If $f(x) = \sin x+\cos ax$ is periodic function, Then $a$ is If $f(x) = \sin x+\cos ax$ is periodic function, Then $a$ is 
Attempt: If $f(x)$ is periodic function, Then $f(x+T) = f(x)$
So $\sin(x+T)+\cos(a(x+T)) = \sin x+\cos ax$ for all $x$
Now How can i calculate $a$, could some help me, thanks
 A: The function $x\mapsto \cos(ax)$ is periodic with period $2\pi/a.$ And $x\mapsto\sin x$ is periodic with period $2\pi.$ In order that the sum $\sin x + \cos(ax)$ be periodic, it is necessary that some integer number $n$ of periods of $x\mapsto\cos(ax)$ must be equal to some integer number $m$ of periods of $x\mapsto\sin x.$ Thus we have
$$
n \frac{2\pi} a = m\cdot 2\pi.
$$
Thus $a = n/m.$ In other words, $a$ must be a rational number.

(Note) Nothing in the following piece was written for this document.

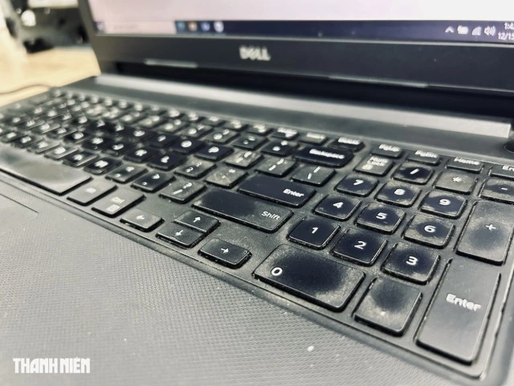 Loại bỏ bụi thô: Lật ngược laptop và lắc nhẹ để các vụn lớn rơi ra ngoài. Dùng bình xịt khí nén thổi vào khe giữa các phím (hãy nhớ xịt thử ra ngoài trước để thông khí và cầm bình thẳng đứng).

A: What is periodic? You defined it.
$\sin(x)$ has a period of $2π$.
$\cos(ax)$ has a period of $\frac{2\pi}{a}$.
If $a$ is an integer, then the period of $f(x)$ is $2π$. 
Now, let $a=\frac{p}{q}$. Then we have $\cos(ax)$ has a period of $\frac{2\pi q}{p}$. 

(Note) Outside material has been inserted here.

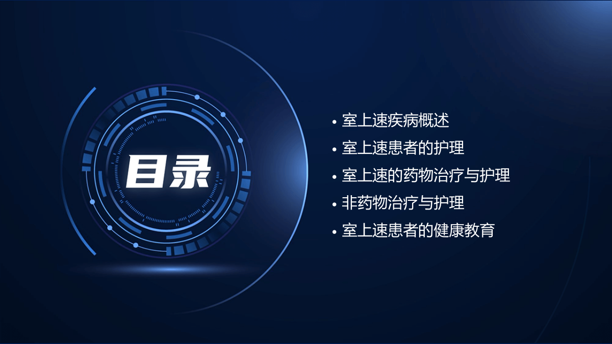 室上速护理查房课件室上速疾病概述室上速患者的护理室上速的药物治疗与护理非药物治疗与护理室上速患者的健康教育室上速疾病概述室上速的典型表现为突发突止的心悸,可伴有胸闷、头晕、乏力等症状。室上速患者的护理对于患者疼痛的症状,采取适当的疼痛缓解措施,如药物治疗、物理治疗等。同时,关注患者的疼痛反应,及时调整护理措施。室上速的药物治疗与护理非药物治疗与护理总结词室上速患者的健康教育总结词THANKS

We now need to find the LCM of these two periods. Fortunately, it isn't hard, and the period is $2πq$.  Note that our fraction should be simplified.

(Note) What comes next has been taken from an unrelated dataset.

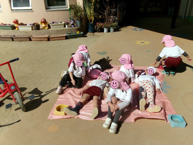 お外が暖かくて ひなたぼっこをしたよ☆ 3歳児

Now let's say $a=0.12342342535262362355\ldots$, is irrational. The period is defined for $a=0.123$, $a=0.1234$, and $a=0.1234234$. But the period gets exceedingly long. As this rational number approaches a denominator of infinity, or $a$ approaches true irrationality, the period does not exist, and thus the function isn't periodic. 
In other terms, the function is only periodic if $a$ is rational.